- _Data_:
┄┄┄┄┄┄┄┄┄┄

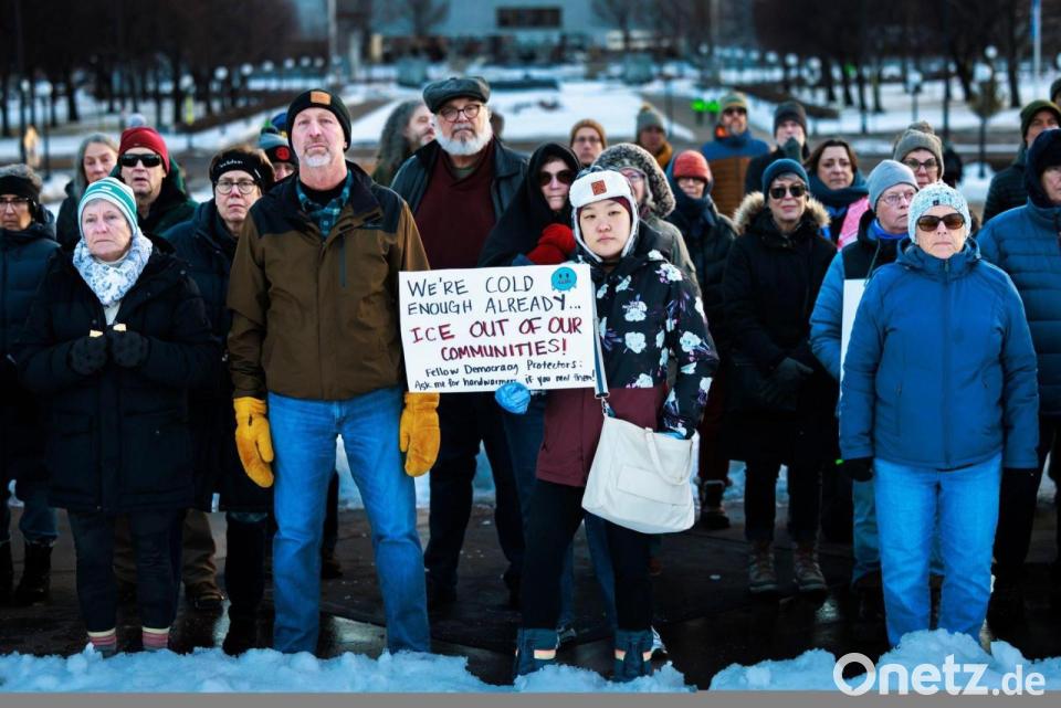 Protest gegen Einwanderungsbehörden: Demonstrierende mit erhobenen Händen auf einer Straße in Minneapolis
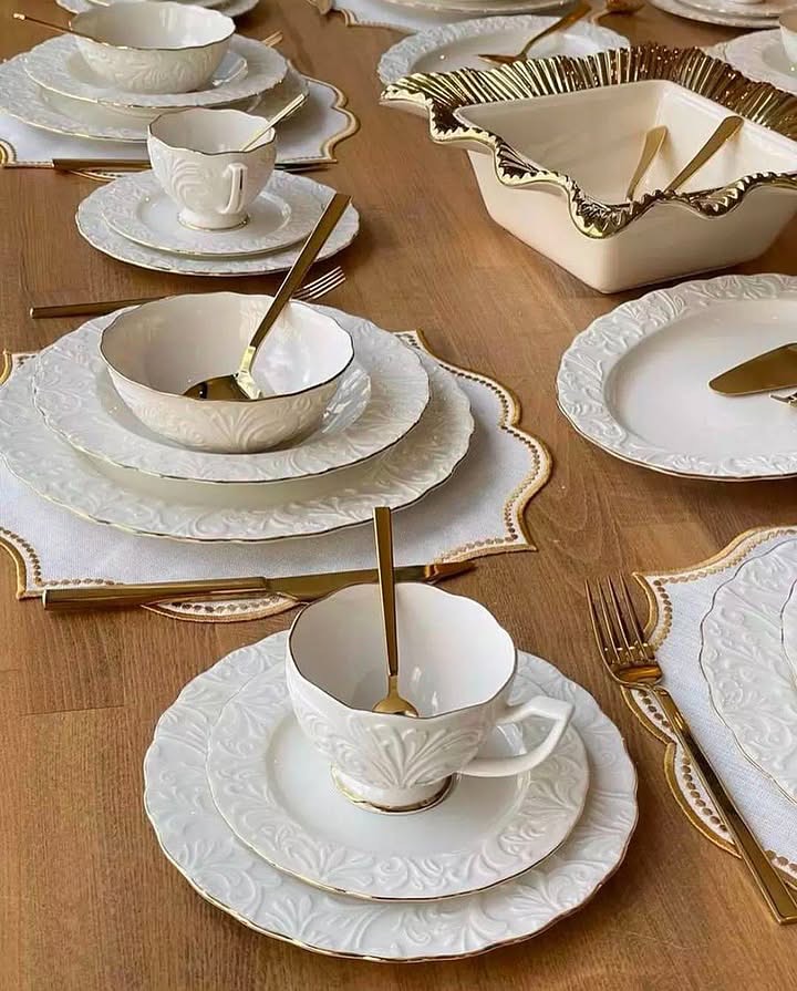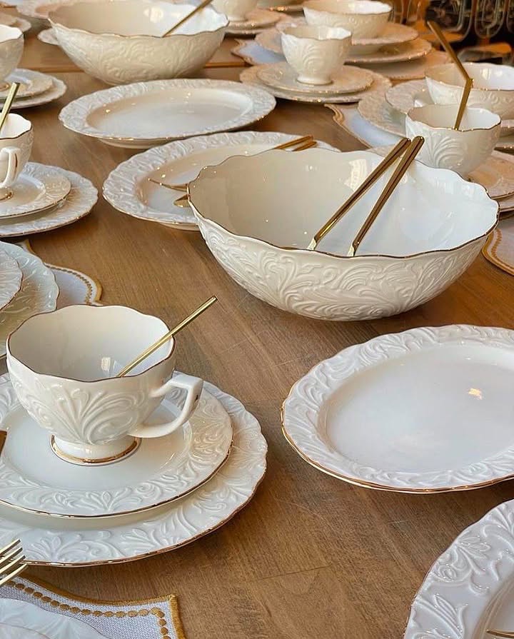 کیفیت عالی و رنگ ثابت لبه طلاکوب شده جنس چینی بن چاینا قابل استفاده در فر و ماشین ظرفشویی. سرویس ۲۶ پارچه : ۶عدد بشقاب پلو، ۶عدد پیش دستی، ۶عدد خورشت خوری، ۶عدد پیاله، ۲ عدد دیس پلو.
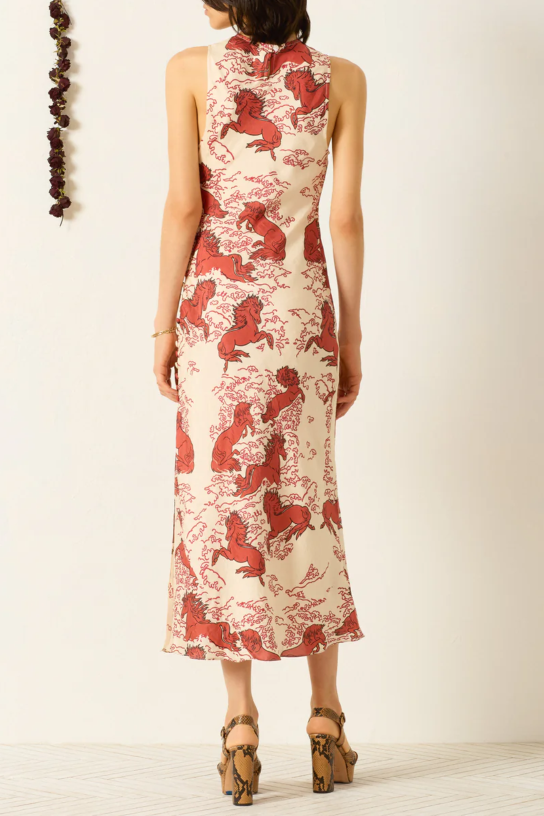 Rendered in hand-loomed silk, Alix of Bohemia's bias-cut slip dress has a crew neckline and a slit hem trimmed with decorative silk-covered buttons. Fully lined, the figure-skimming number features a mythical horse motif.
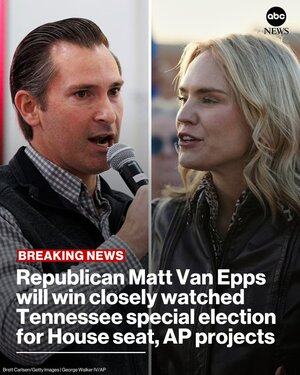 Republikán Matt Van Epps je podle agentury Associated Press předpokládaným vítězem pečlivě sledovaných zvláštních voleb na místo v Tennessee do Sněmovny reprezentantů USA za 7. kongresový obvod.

┄┄┄┄┄┄┄┄┄┄

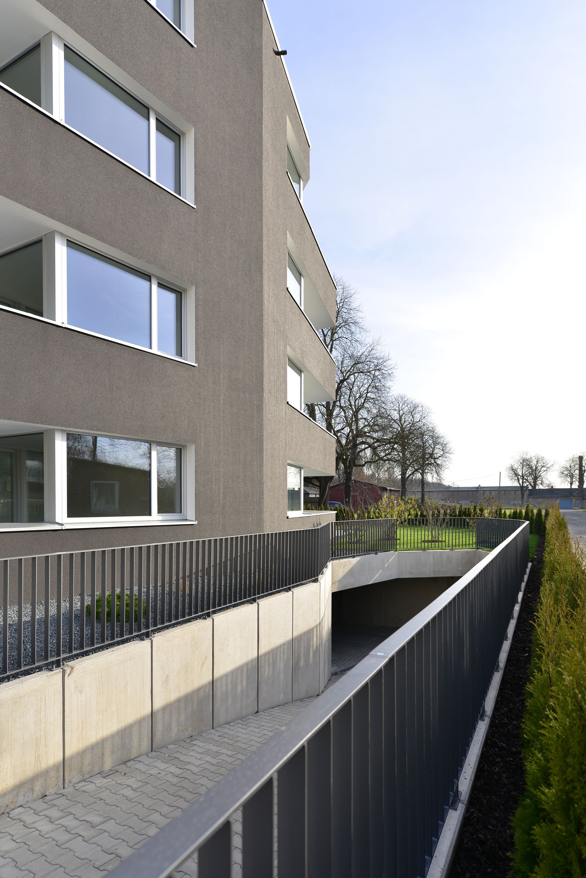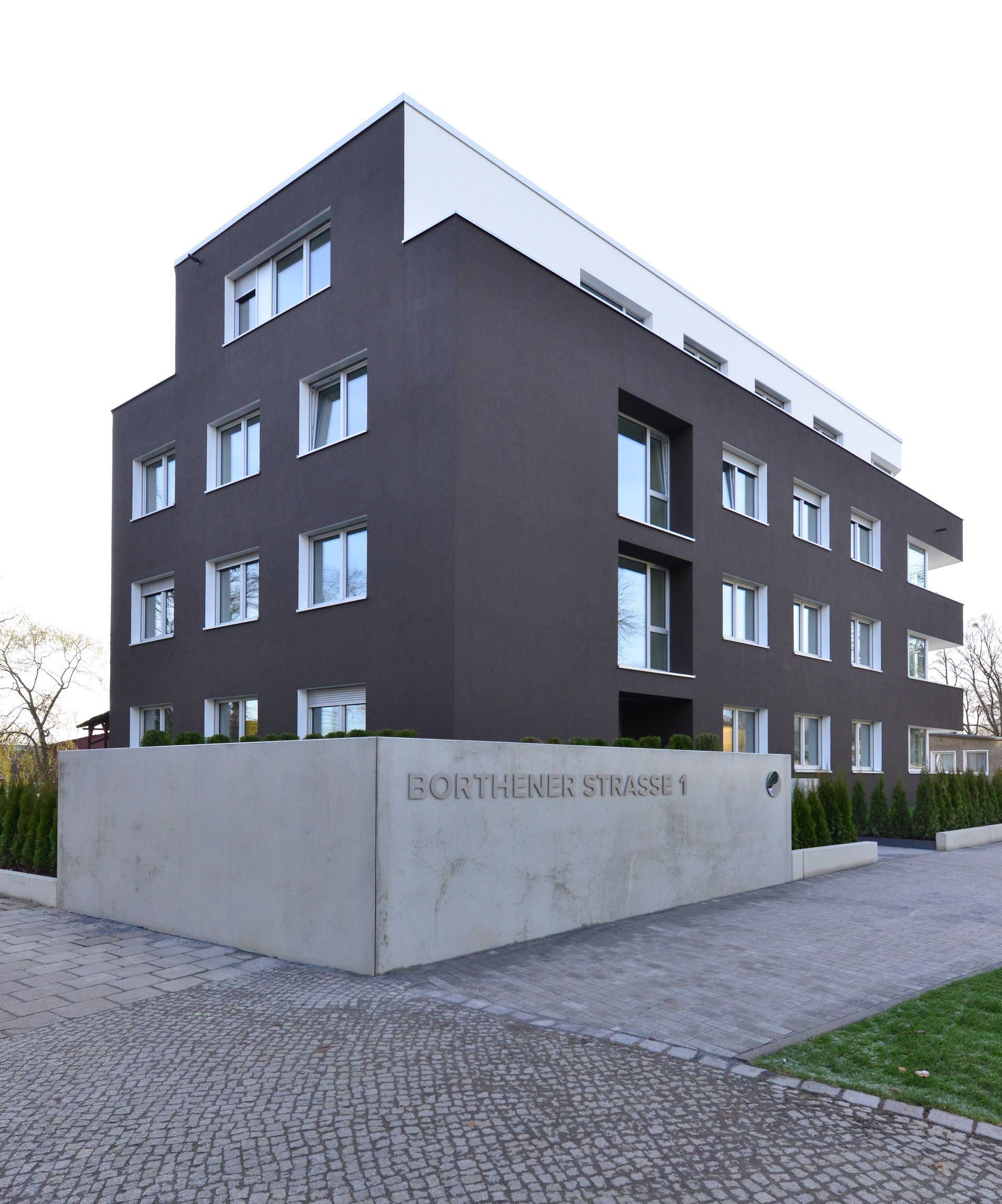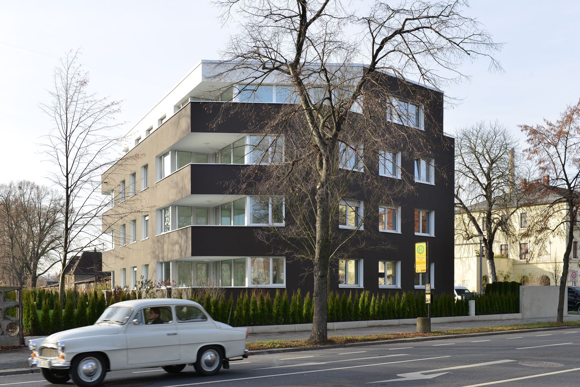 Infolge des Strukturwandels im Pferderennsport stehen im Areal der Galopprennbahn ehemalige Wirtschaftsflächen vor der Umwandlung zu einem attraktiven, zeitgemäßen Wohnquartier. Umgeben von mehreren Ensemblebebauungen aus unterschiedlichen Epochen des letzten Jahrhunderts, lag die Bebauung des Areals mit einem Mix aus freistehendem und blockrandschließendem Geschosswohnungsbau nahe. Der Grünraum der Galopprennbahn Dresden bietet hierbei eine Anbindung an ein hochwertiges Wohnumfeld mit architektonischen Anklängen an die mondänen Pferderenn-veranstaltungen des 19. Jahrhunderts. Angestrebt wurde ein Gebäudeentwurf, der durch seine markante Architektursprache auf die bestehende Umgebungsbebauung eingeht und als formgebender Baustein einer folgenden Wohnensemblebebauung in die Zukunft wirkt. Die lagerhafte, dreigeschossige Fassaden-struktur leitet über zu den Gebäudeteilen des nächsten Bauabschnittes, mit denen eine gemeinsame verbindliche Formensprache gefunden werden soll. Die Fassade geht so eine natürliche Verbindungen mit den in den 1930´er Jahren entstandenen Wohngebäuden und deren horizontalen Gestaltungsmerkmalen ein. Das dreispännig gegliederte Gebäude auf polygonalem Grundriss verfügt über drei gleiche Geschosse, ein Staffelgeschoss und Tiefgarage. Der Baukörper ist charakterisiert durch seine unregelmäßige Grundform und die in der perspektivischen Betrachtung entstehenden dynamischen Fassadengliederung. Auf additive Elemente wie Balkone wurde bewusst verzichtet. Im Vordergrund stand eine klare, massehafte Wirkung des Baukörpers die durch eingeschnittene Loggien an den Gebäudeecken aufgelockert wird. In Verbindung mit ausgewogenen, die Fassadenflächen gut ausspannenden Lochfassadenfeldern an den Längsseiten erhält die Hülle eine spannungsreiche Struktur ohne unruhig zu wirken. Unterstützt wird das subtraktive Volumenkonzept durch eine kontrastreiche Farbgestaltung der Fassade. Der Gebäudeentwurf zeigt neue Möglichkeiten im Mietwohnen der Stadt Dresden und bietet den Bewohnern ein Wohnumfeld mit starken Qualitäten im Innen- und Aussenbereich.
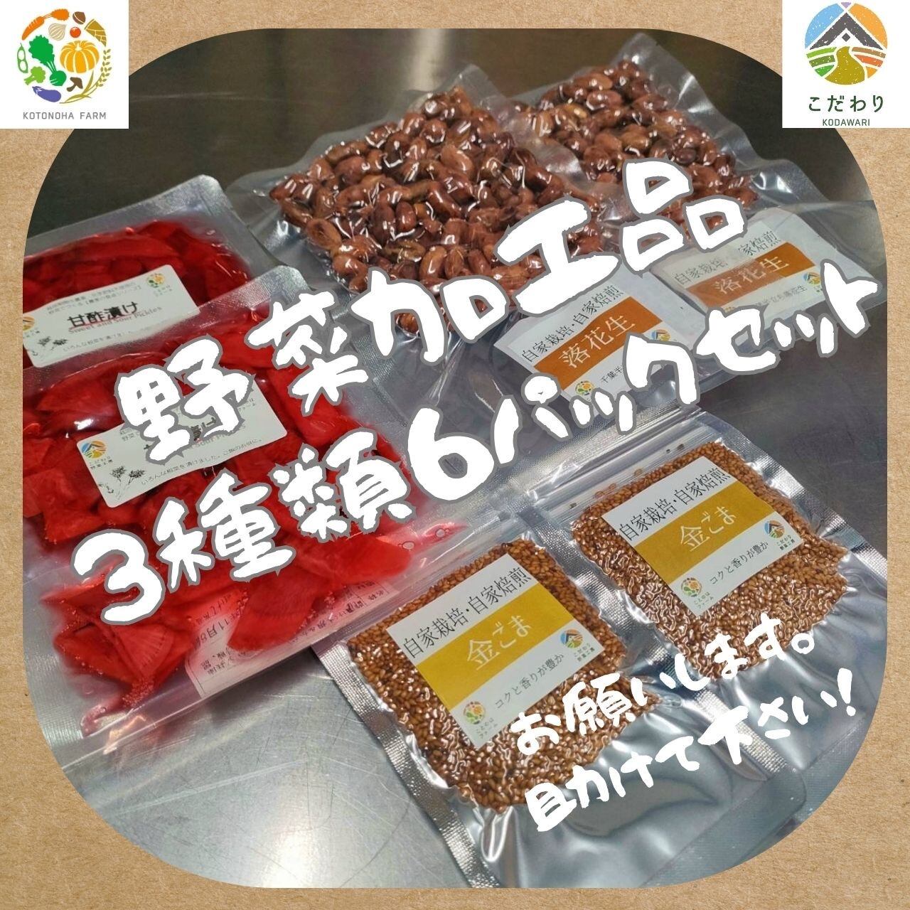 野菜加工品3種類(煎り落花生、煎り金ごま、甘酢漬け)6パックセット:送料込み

┄┄┄┄┄┄┄┄┄┄

- _Problem details_: Those lines of the records above that run from the one containing "کیفیت عالی و" through the one containing "Republikán Matt Van" should be returned exactly, with no pictures among them.

- _Finished task_:
 کیفیت عالی و رنگ ثابت لبه طلاکوب شده جنس چینی بن چاینا قابل استفاده در فر و ماشین ظرفشویی. سرویس ۲۶ پارچه : ۶عدد بشقاب پلو، ۶عدد پیش دستی، ۶عدد خورشت خوری، ۶عدد پیاله، ۲ عدد دیس پلو.
 Rendered in hand-loomed silk, Alix of Bohemia's bias-cut slip dress has a crew neckline and a slit hem trimmed with decorative silk-covered buttons. Fully lined, the figure-skimming number features a mythical horse motif.
 Republikán Matt Van Epps je podle agentury Associated Press předpokládaným vítězem pečlivě sledovaných zvláštních voleb na místo v Tennessee do Sněmovny reprezentantů USA za 7. kongresový obvod.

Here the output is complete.